Camera traps are ideal for automated capturing and monitoring wildlife, but traditional equipment often relies on infrared sensors to activate recording. Even a short delay is enough for small and fast-moving animals to leave the frame before recording starts, often leading to empty recordings.
In this paper, researchers proposed a novel camera trap triggering system based solely on a camera sensor. Intended for affordable use by citizen scientists, the system can be deployed using a cheap, low-power Raspberry Pi mini-computer with a camera and minimal storage requirements for less than €100.
Relying on innovative detector algorithms based on machine learning, the DynAikonTrap system incorporates a sequence of filters that ultimately leads to the storage of animal images, while automatically discarding video with no animals. While motion detection is faster than animal detection, a buffer between the two filters allows for near real-time analysis.

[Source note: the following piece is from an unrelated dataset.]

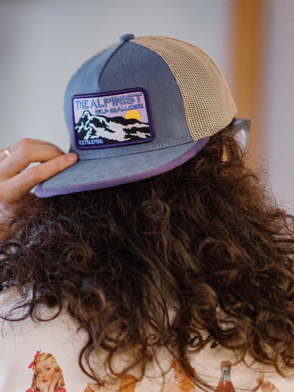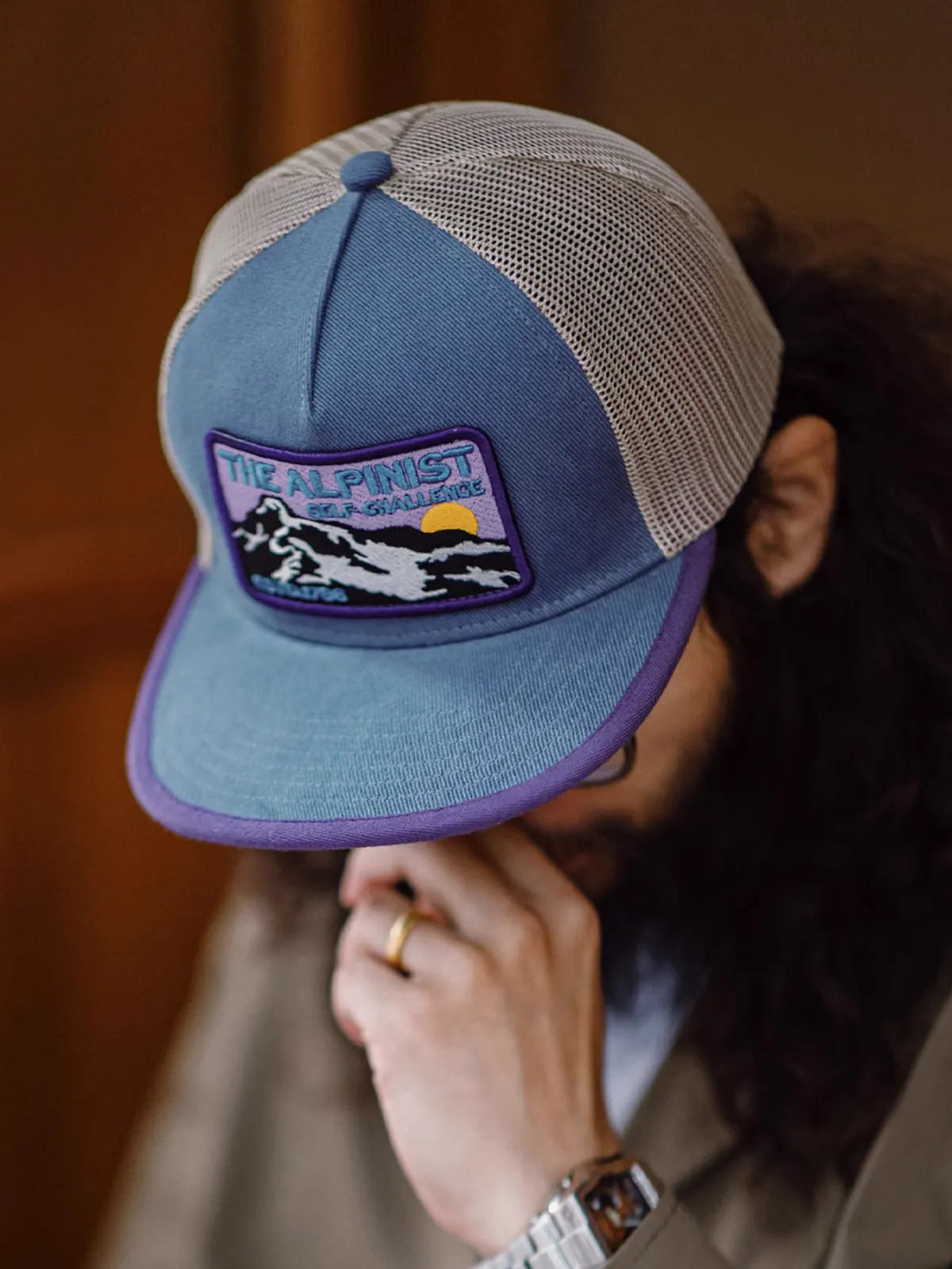このキャップは、登山家をテーマにした刺繍パッチとコットン×メッシュのコンビネーションが際立つ、ヴィンテージ感溢れる平ツバデザインです。

Using a set of 330 animal video recordings derived from GBIF-mediated occurrences, annotated by frame to indicate animal presence, the authors trained and benchmarked various configurations of detection filters. The ideal filter configuration of DynAikonTrap was able to continuously analyse and record more than 6 hours of animal presence per day at very low power usage.
Sharing their source code freely and openly, the authors provided complete instructions on how to deploy DynAikonTrap on inexpensive hardware, making camera trapping easy and affordable for both researchers and citizen scientists alike.